ため息を漏らす私と、同じくため息を漏らすナルシス様。ナルシス様にこんな顔させるなんて、マチアス様のばかー!


「…その…どんなタイプが好きなんでしょうか?」


私はとうとう研究を諦めて、ナルシス様に直接タイプを聞いた。


「明るくて可愛い人ね。ダンスが上手で刺繍が上手くて、そして派手派手なメイクも必要よ」


「なるほど…私頑張ります!とりあえず、今日は先に帰りますね!」


私はナルシス様の好みを知れて、ご機嫌で帰宅する。だから気付かなかった。ナルシス様の呟きに。
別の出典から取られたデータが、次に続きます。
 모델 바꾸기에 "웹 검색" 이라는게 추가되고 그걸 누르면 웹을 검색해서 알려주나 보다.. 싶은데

「…マガリーはマチアスのわがままな好みを聞いても諦めないのね。でも、マチアスなんかに貴女は渡さないんだから」














私は派手派手なメイクを習得するため、学園の芸能科所属の生徒に頼み鍛えてもらうことにした。が、どこからかナルシス様がその話を聞きつけてなかったことになってしまった。


「ナルシス様酷い!メイク覚えたかったのに!」


「いいのよ!貴女はそのままで!」


「でも派手派手なメイクが!!!」


ナルシス様はため息を漏らすと、私に言った。


「それなら、おしゃれしてより魅力的になりましょうね?派手なメイクはダメよ。貴女がギャルになるなんて許さないわ」


「えー」


ということで、ナルシス様のお家に強制連行されて様々なドレスの着せ替え人形にされた。


「ほらね?どれも貴女に似合うと思ったの!買ってよかったわー」


「え、これもしかして私のなのですか?」


「そうよ、貴女がお嫁さんに来たら毎日着させてあげる!」


私はその言葉にじーんときて、思わず胸を押さえて下を向く。すると、ナルシス様は変なことを言う。
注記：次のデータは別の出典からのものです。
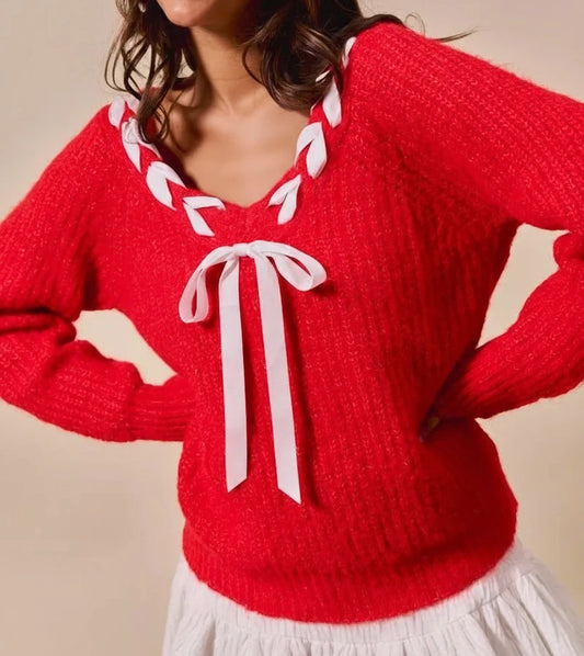 SO ME Satin Tape Braided Ribbon Tie V Neck Sweater
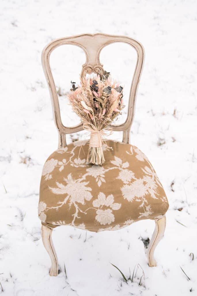 Usually you have a few weeks or even months to plan a styled shoot – we had 4 days.  Because of that, we wanted to keep things very simple – focusing on a minimalist style and allowing the beauty of the snow, tree-lined lane, and golden tall grass to take the spotlight.
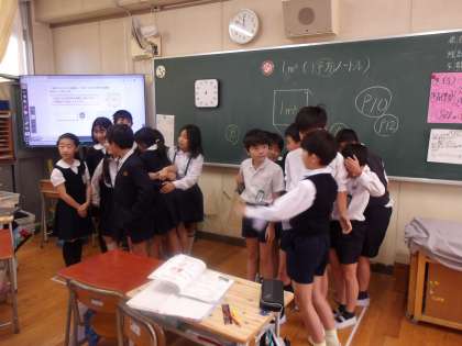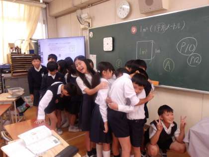 今日は「1平方メートル」の大きさがどれぐらいのものか、教室の床にテープを貼り、「1平方メートル」の大きさにどれだけ人が入るか試してみました!

「…そんなに私のお嫁さんは嫌?そんなにマチアスがいいの?」


「え?」


「ダメよ、絶対渡さない!マガリーは私の婚約者よ!」


ナルシス様が嫉妬してくれていることに感動しつつも、何かすれ違いがあるようなので誤解を解く。


「あの、嬉しいです」


「え」


「ナルシス様がドレスを買ってくれて、ナルシス様が私が嫁ぐのを楽しみにしてくれてるみたいですごく嬉しくて…今のも、嫉妬してくれたんですよね?すごく嬉しいです」


「え、でも、貴女…マチアスが好きなんでしょ?」


「え、私が好きなのはナルシス様です!幼い頃からずっと好きでした!」


ナルシス様は一拍おいて、私を強く抱き寄せた。


「じゃあ、私が勘違いしていたの?マチアスのことは好きじゃない?私が好き?マチアスのことばかり追いかけていたのは何故?」


「はい!ナルシス様がマチアス様を好きだから、好みのタイプになろうと研究していただけです!」


「そうだったの…私、マガリーだけを愛しているわ。マチアスは同性のお友達として好きなだけなの。それこそ勘違いよ」


「えー!?」


「私が好きなのは、貴女」


ナルシス様が私の身体を放すと、頬にキスをしてくれた。


「…愛してるわ、マガリー」


「大好きです、ナルシス様!」












「お前らようやくくっついたんだ」


翌日、学園でマチアス様にそう声をかけられた。


「え、わかります?」


「だってお前、朝からナルシスにベタベタに甘えてんじゃん。みんな言わないだけでわかるよ」


「えー、困っちゃーう」


「うざっ」


「えへへ」


マチアス様に頭をチョップされて笑う。


「ちょっとマチアス。私のマガリーに触らないで」


そこにナルシス様が来た。ナルシス様は心が通じ合ってから、ちょっとヤキモチ妬きになった。


「束縛し過ぎると逃げられるぞー」


「うるさいわね!相思相愛だから大丈夫よ!」


ナルシス様の何気ない一言が嬉しい。相思相愛とか、照れちゃう。


「ナルシス様」


「なあに?マガリー」


「愛してます!」


「私もよ!」


「お熱いことで」


これからもずっと、ナルシス様とこうしていられたら嬉しいな。ついでに、マチアス様とも仲良くしてあげなくもない。